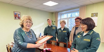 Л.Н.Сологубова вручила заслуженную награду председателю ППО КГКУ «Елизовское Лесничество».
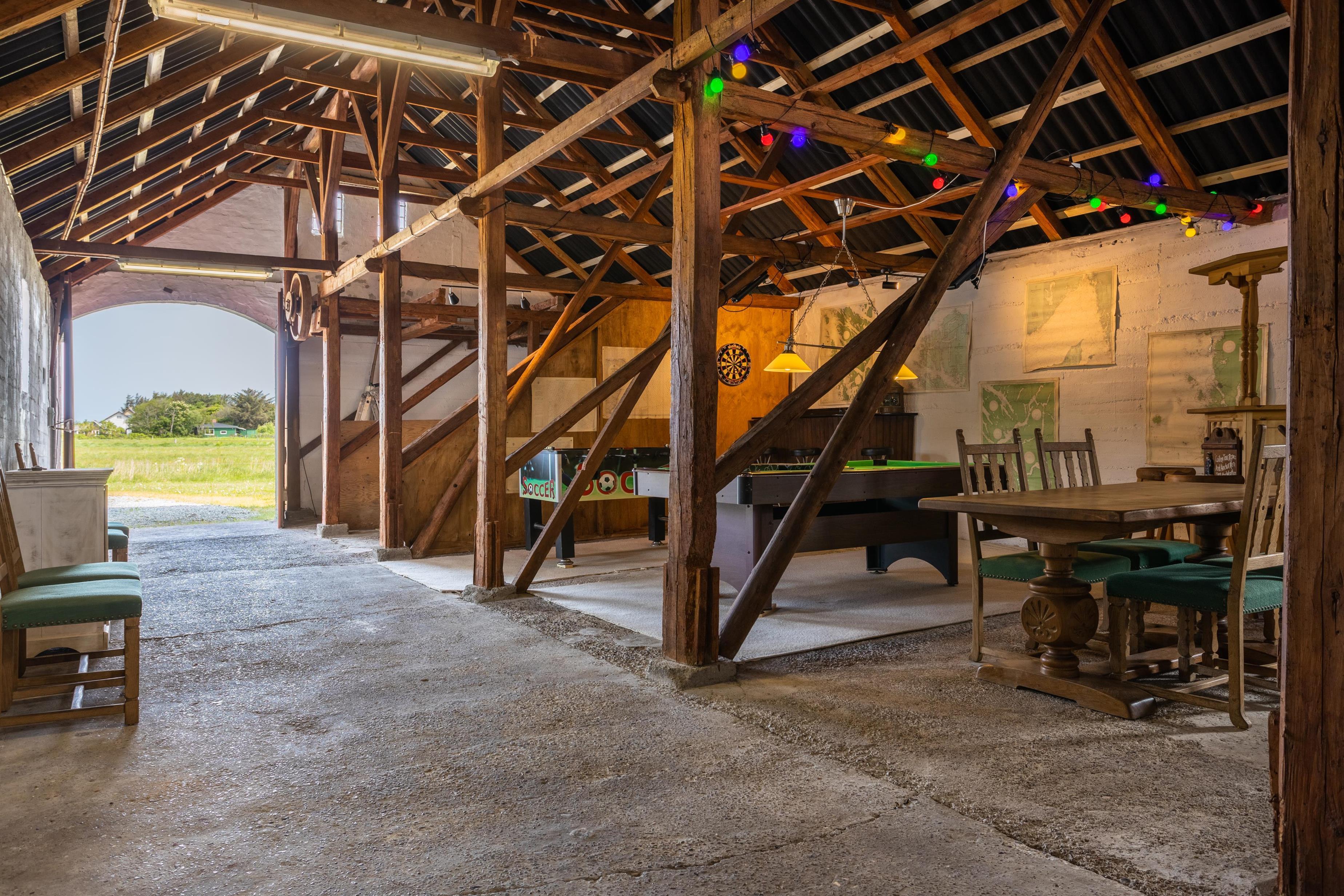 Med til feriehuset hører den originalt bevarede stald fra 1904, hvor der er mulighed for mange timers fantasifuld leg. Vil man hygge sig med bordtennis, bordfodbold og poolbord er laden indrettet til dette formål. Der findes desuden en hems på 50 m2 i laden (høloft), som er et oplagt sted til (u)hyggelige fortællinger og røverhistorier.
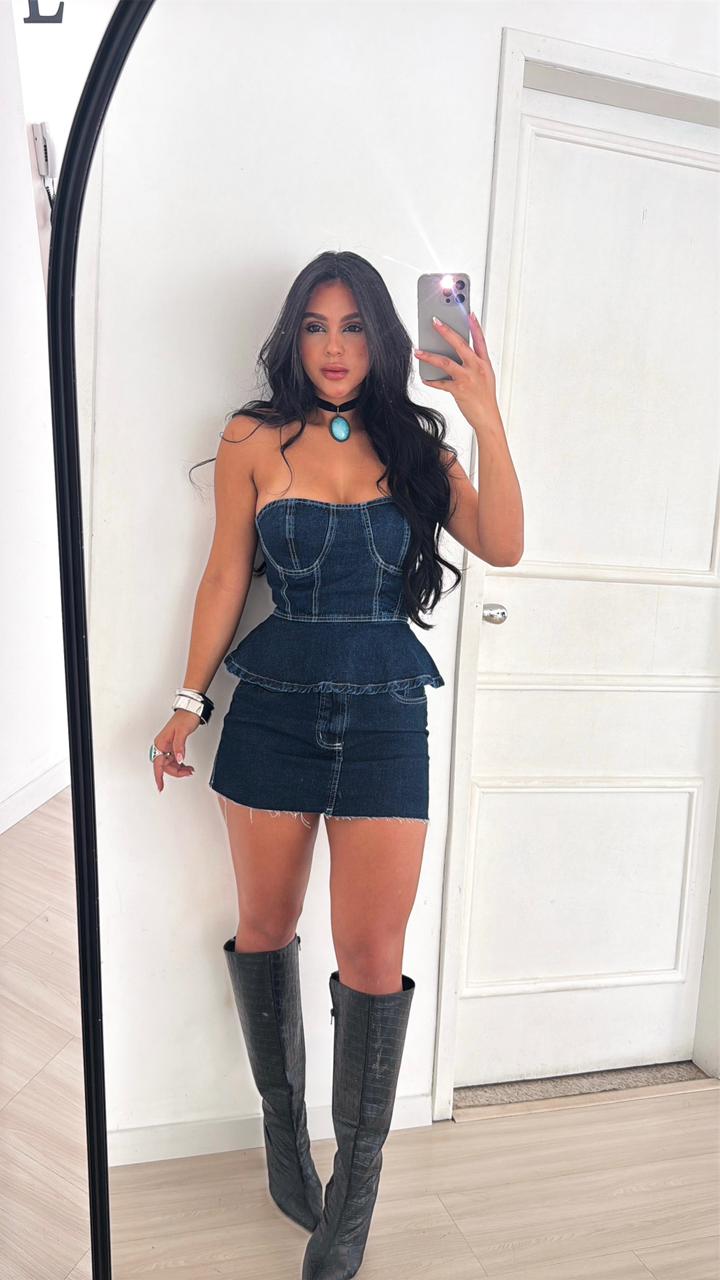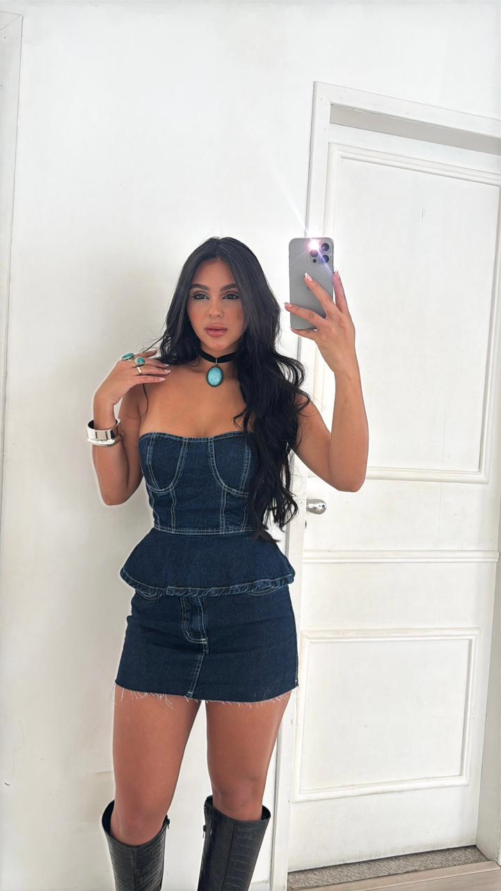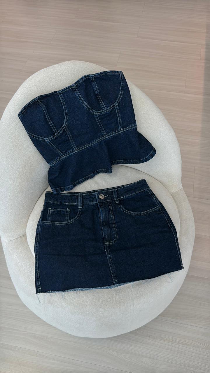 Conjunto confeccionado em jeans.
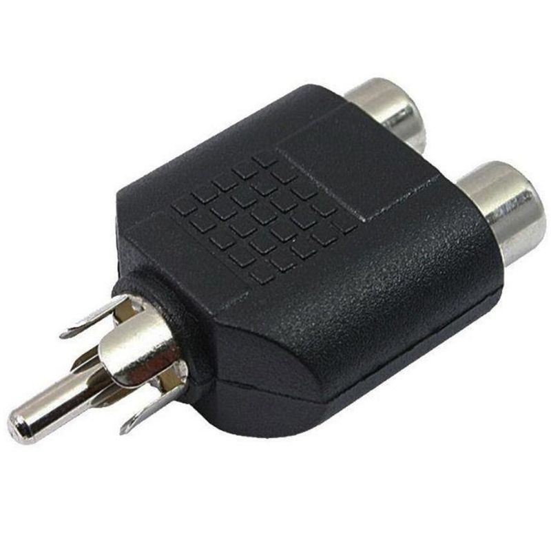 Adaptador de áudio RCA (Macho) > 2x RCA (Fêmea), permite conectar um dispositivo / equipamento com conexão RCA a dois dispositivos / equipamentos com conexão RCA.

> _PROBLEM_:
Leave the pictures out and copy the rest of the data exactly.

> _THE ANSWER_:
 Л.Н.Сологубова вручила заслуженную награду председателю ППО КГКУ «Елизовское Лесничество».
 Med til feriehuset hører den originalt bevarede stald fra 1904, hvor der er mulighed for mange timers fantasifuld leg. Vil man hygge sig med bordtennis, bordfodbold og poolbord er laden indrettet til dette formål. Der findes desuden en hems på 50 m2 i laden (høloft), som er et oplagt sted til (u)hyggelige fortællinger og røverhistorier.
 Conjunto confeccionado em jeans.
 Adaptador de áudio RCA (Macho) > 2x RCA (Fêmea), permite conectar um dispositivo / equipamento com conexão RCA a dois dispositivos / equipamentos com conexão RCA.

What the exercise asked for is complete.